→ Raw data:
————————
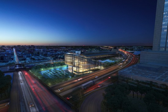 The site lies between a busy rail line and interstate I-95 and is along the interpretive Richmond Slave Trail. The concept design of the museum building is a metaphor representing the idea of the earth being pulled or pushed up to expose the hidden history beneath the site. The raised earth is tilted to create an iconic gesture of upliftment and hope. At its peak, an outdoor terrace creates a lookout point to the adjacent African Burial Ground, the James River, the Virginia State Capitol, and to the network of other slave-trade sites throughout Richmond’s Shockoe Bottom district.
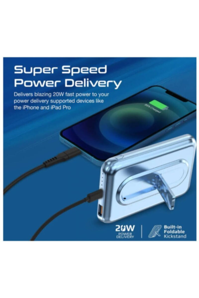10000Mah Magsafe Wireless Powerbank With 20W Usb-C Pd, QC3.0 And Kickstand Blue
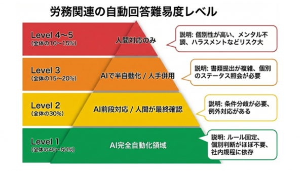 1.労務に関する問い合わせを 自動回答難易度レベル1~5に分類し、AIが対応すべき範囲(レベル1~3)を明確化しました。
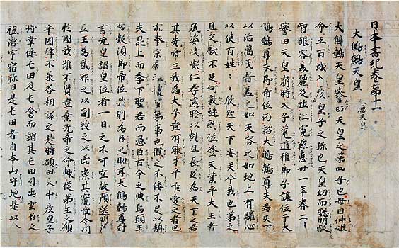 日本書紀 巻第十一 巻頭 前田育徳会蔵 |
————————
Please provide a faithful transcription of all the data, pictures excluded.

 The site lies between a busy rail line and interstate I-95 and is along the interpretive Richmond Slave Trail. The concept design of the museum building is a metaphor representing the idea of the earth being pulled or pushed up to expose the hidden history beneath the site. The raised earth is tilted to create an iconic gesture of upliftment and hope. At its peak, an outdoor terrace creates a lookout point to the adjacent African Burial Ground, the James River, the Virginia State Capitol, and to the network of other slave-trade sites throughout Richmond’s Shockoe Bottom district.
10000Mah Magsafe Wireless Powerbank With 20W Usb-C Pd, QC3.0 And Kickstand Blue
 1.労務に関する問い合わせを 自動回答難易度レベル1~5に分類し、AIが対応すべき範囲(レベル1~3)を明確化しました。
 日本書紀 巻第十一 巻頭 前田育徳会蔵 |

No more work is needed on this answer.